___ Material provided

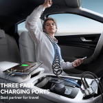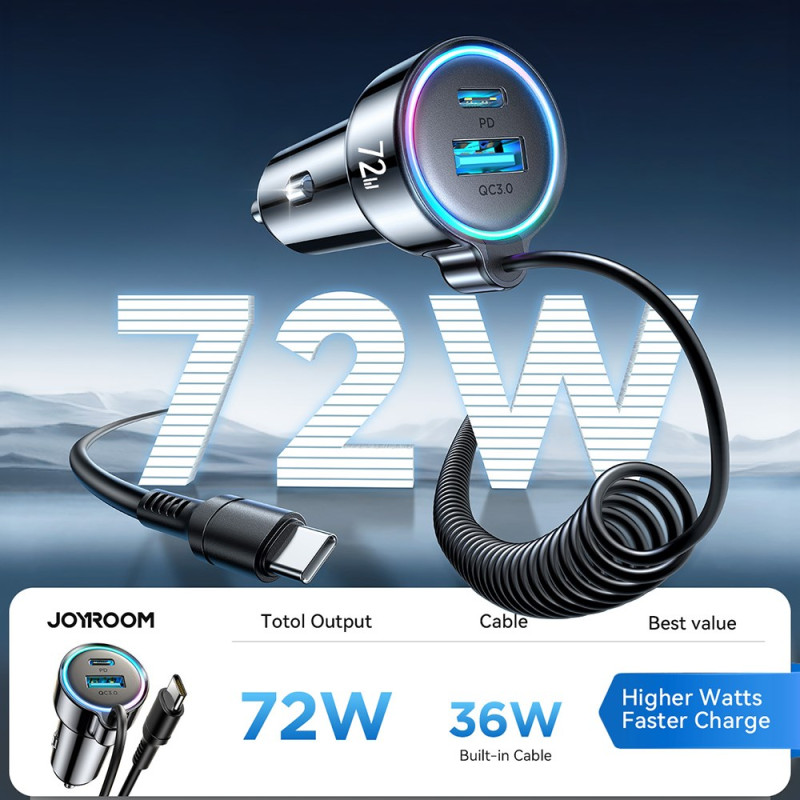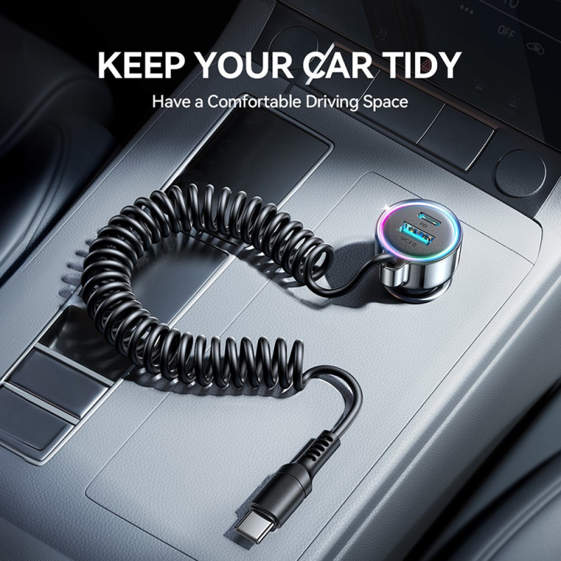 Carregue até três dispositivos em simultâneo com o nosso carregador para automóvel ultrarrápido de 72 W. Com um cabo de mola que pode ser estendido até 1,6 m e iluminação ambiente de 7 cores, oferece um carregamento seguro e cómodo para todos os seus dispositivos.
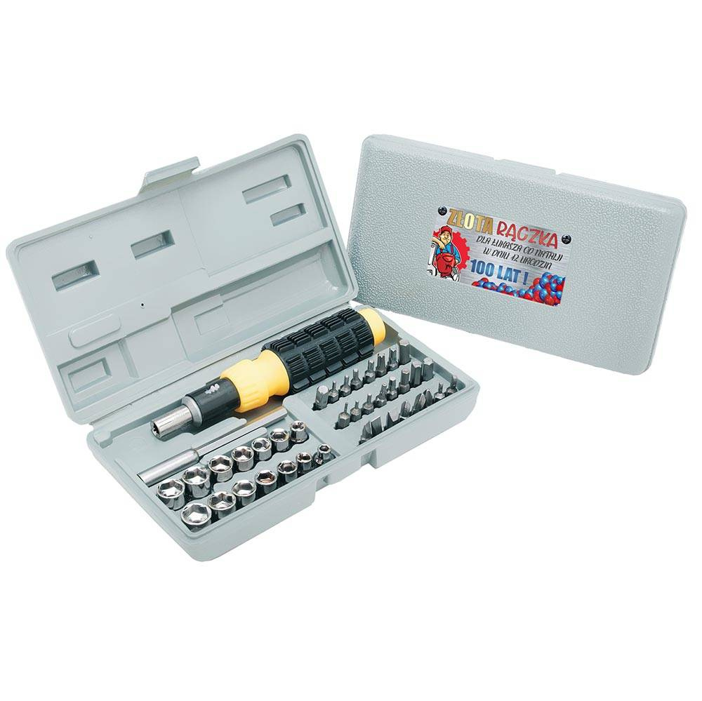 • komplet zawiera 41 najważniejszych narzędzi dla każdego majsterkowicza. Całość została zamknięta w kompaktowym opakowaniu . Po złożeniu mieści się w dłoni, jest łatwy do przechowywania.
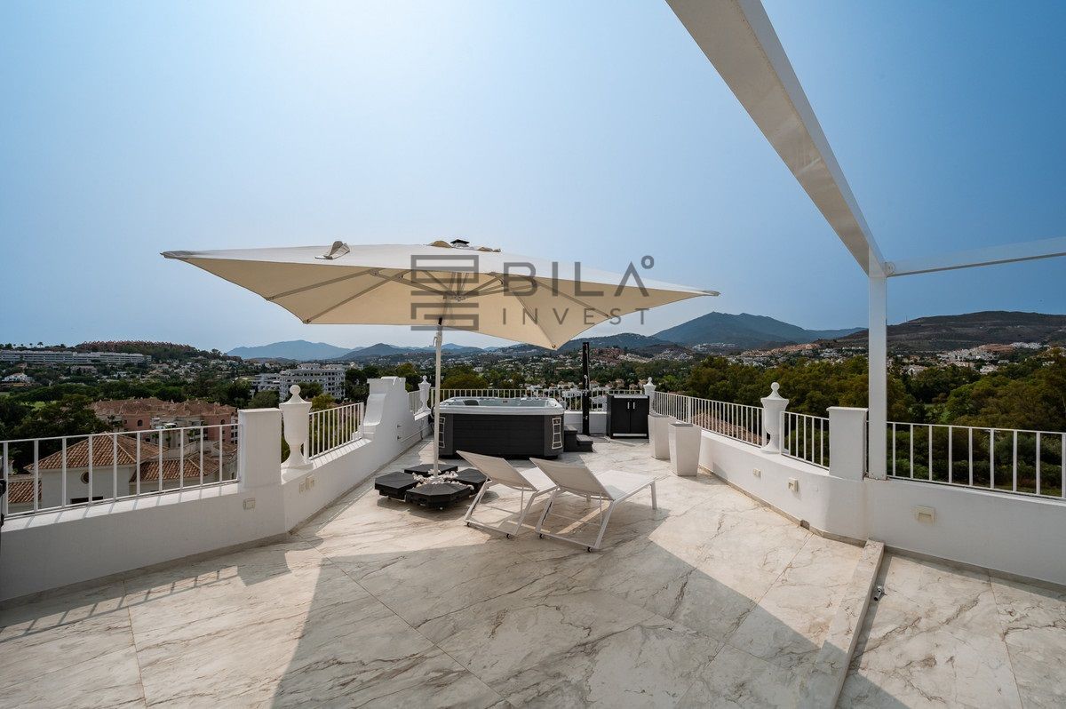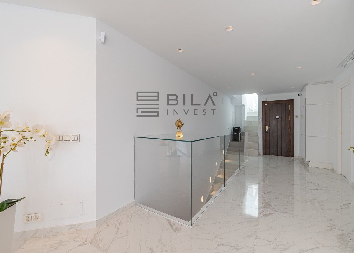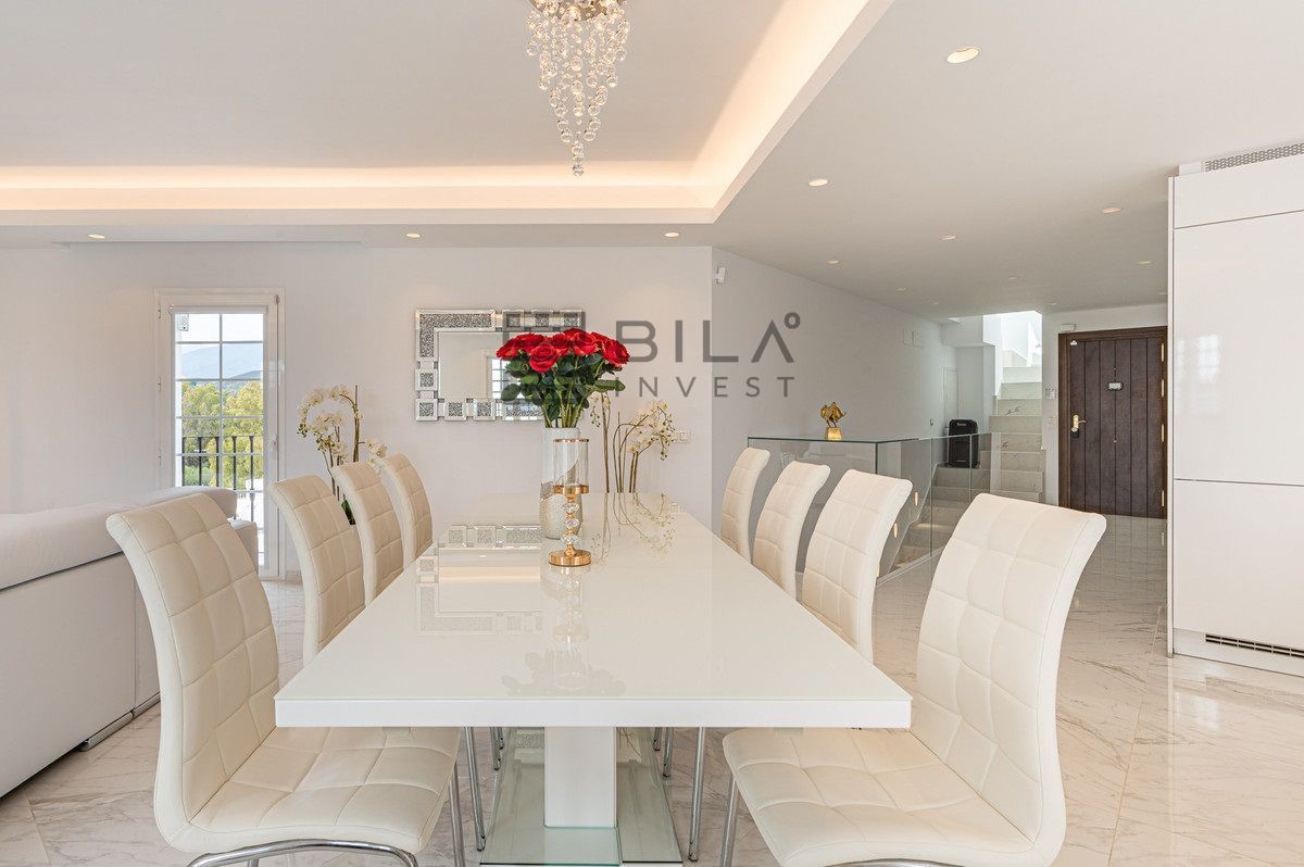 Con una superficie de 158 m² distribuidos en tres plantas, la casa adosada fusiona un diseño moderno con abundante luz natural. La planta de entrada cuenta con una elegante cocina de concepto abierto con una isla de desayuno brillante (con capacidad para tres personas) y ventanales de suelo a techo que inundan el espacio de luz solar. Junto a la cocina, el luminoso salón-comedor se integra perfectamente con el exterior, gracias a puertas correderas que potencian la sensación de amplitud y luminosidad. Un dormitorio de invitados con baño en suite, también en esta planta, se beneficia de la misma cálida luz natural. Los dormitorios principal y secundario, situados en la planta inferior, incluyen baños en suite diseñados con líneas limpias y acabados contemporáneos. El elemento más destacado es la terraza en la azotea de 100 m² con vistas ininterrumpidas al atardecer sobre el Valle del Golf. Diseñada para disfrutar tanto del interior como del exterior, la disposición minimalista de la terraza y sus superficies bañadas por el sol la convierten en un lugar ideal para relajarse o recibir invitados. Cada nivel prioriza la luz y la simplicidad moderna, creando un hogar luminoso y acogedor.

______

## Exercise
Please set down each line of the listing above word for word, skipping any pictures.

## Solution to the problem
 Carregue até três dispositivos em simultâneo com o nosso carregador para automóvel ultrarrápido de 72 W. Com um cabo de mola que pode ser estendido até 1,6 m e iluminação ambiente de 7 cores, oferece um carregamento seguro e cómodo para todos os seus dispositivos.
 • komplet zawiera 41 najważniejszych narzędzi dla każdego majsterkowicza. Całość została zamknięta w kompaktowym opakowaniu . Po złożeniu mieści się w dłoni, jest łatwy do przechowywania.
 Con una superficie de 158 m² distribuidos en tres plantas, la casa adosada fusiona un diseño moderno con abundante luz natural. La planta de entrada cuenta con una elegante cocina de concepto abierto con una isla de desayuno brillante (con capacidad para tres personas) y ventanales de suelo a techo que inundan el espacio de luz solar. Junto a la cocina, el luminoso salón-comedor se integra perfectamente con el exterior, gracias a puertas correderas que potencian la sensación de amplitud y luminosidad. Un dormitorio de invitados con baño en suite, también en esta planta, se beneficia de la misma cálida luz natural. Los dormitorios principal y secundario, situados en la planta inferior, incluyen baños en suite diseñados con líneas limpias y acabados contemporáneos. El elemento más destacado es la terraza en la azotea de 100 m² con vistas ininterrumpidas al atardecer sobre el Valle del Golf. Diseñada para disfrutar tanto del interior como del exterior, la disposición minimalista de la terraza y sus superficies bañadas por el sol la convierten en un lugar ideal para relajarse o recibir invitados. Cada nivel prioriza la luz y la simplicidad moderna, creando un hogar luminoso y acogedor.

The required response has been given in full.